CMS Proposes Mandatory Medicare Payment Model for Kidney Transplants

The United States Centers for Medicare and Medicaid Services (CMS) recently proposed a new mandatory Medicare payment model to test whether performance-based incentives for hospitals may improve the system and better connect patients who need kidney transplants with the needed organs.

CMS notes that kidney transplantation is often the best method of treatment for patients with chronic kidney disease and end-stage renal disease but that there are more people that need a kidney than there are organs available. The goal of the proposed model is to “drive meaningful growth” in the kidney transplant rate by maximizing the use of deceased donor kidneys and facilitating more transplants from living donors. The proposed model also aims to reduce barriers to care and address health disparities.

Under the proposed Increasing Organ Transplant Access Model, transplant hospitals would be encouraged to use more of the kidneys that become available for transplantation and facilitate more transplants from living donors. The model also aims to improve greater care coordination and patient-centered care in the process of being waitlisted for – and receiving – a kidney transplant.

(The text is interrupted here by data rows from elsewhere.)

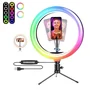 Iluminador Led Circular 8´´ Mj20 Rgb 25w Soft Ring Light Live 20cm Usb Com Mini Tripé E Suporte Smartphone
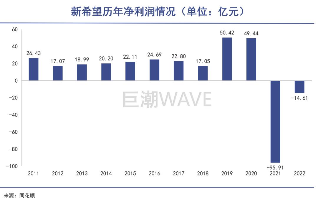 走过了最辉煌的2019-2020年,新希望随即陷入亏损泥潭。2021-2023年上半年,合计亏损140亿元,比那两年赚取的100亿元还多亏了40亿元。
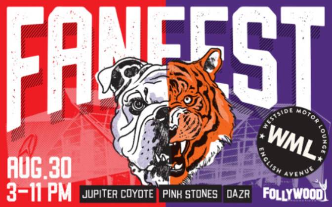 Westside Motor Lounge and Follywood Productions is throwing a college football kickoff party not to be missed. Calling on all Clemson & UGA alumni and fans to come together the day before the Tigers take on the Bulldogs in the Mercedes-Benz Stadium to celebrate the kick-off to the college football season. Live music from The Pink Stones from Athens, Dazr from Clemson and Jupiter Coyote. Special presentations from UGA'a Classic City Collective and Clemson's 110 Society. Vendors selling merch, grill stations, cocktail bars, cold beer and all around good times. Get your crew together and come represent.
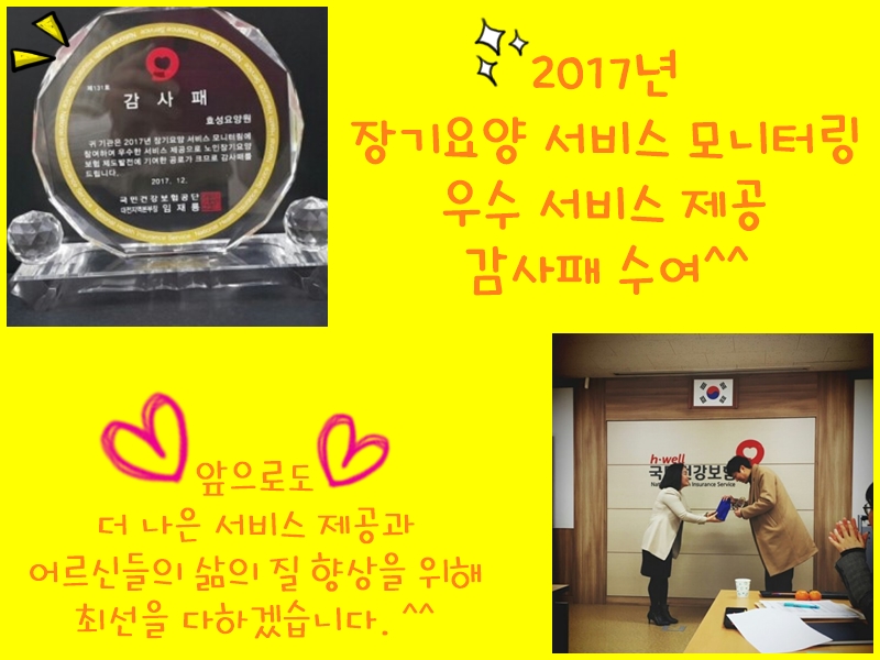 2017년 장기요양 서비스 모니터링에 참여하여 우수한 서비스 제공으로 노인장기요양보험 제도발전에 기여한 공로가 인정되어
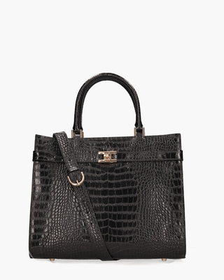 De Carol J. by Gianni Notaro 466 handtas is een stijlvolle tas van zwart glanzend leer met een crocoprint. Het klassieke design krijgt een elegante uitstraling door de decoratieve gesp met slotje waarmee je de tas veilig kunt afsluiten. De binnenkant, volledig uitgevoerd in leer, heeft een ruim compartiment met zowel een steekvak als een ritsvakje voor kleinere items. Goudkleurige details, zoals het schakelmateriaal en de noppen aan de onderkant, geven de tas een luxe afwerking. De verstelbare leren extra bijgevoegde schouderband zorgt voor meer draagopties. Afmetingen: hoogte 28 cm, breedte 34 cm, diepte 12 cm. Kleur: zwart. (Nero)
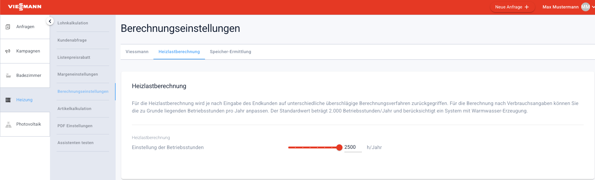 Berechnungseinstellungen finden Sie ab sofort die Möglichkeit, für die Heizlastberechnung eigene Werte für die zu berechnenden Betriebsstunden der Wärmeerzeuger einzustellen. Im Standardfall gehen wir von durchschnittlich 2000 Betriebsstunden in der Kalkkulation aus. Die Anpassung entspricht einer Vielzahl von Kundenwünschen, denen wir hiermit gern nachkommen.

CMS would select half of the donation service areas (DSAs) and all eligible kidney transplant hospitals within would participate in the mandatory model. The other half of transplant hospitals would serve as the comparison group for evaluation purposes. Eligible hospitals are those that are non-pediatric transplant hospitals with an active kidney transplant program and that perform an annual average of 11 or more kidney transplants in the three baseline years prior to the start of the model in 2025. The model would require data-sharing and provide incentives for participating transplant hospitals to improve the patient experience. Patients would receive a notice of attribution if their transplant hospital participates in the model and would not be limited to their attributed transplant hospital.

Out of the 257 transplant hospitals in the country, about 90 would be required to participate in the model.

Based on the participating transplant hospital’s final performance score, it would either: receive upside risk payments from CMS, fall in a neutral zone and neither receive an upside risk payment nor owe a downside risk payment, or owe downside risk payments to CMS. The final performance score would be out of a total of 100 points and calculated on a set of proposed metrics within three domains: (1) achievement – based on the number of kidney transplants for a total of 60 points; (2) efficiency – based on the organ offer acceptance rate ratio for a total of 20 points; and (3) quality – based on the CollaboRATE Shared Decision-Making Score, Colorectal Cancer Screening, Three-Item Care Transition Measure, and a post-transplant composite graft survival rate measure for a total of 20 points.

“Modernizing the organ transplantation system is a top priority for the Biden-Harris Administration,” said CMS Administrator Chiquita Brooks-LaSure. “Kidney transplantation helps people live healthier and longer lives because they no longer have to undergo dialysis. The Increasing Organ Transplant Access Model would be an important step forward in improving the kidney transplant process for everyone on a waitlist and those who have received a transplant.”

The Increasing Organ Transplant Access Model is a proposed six-year, mandatory model that would begin on January 1, 2025.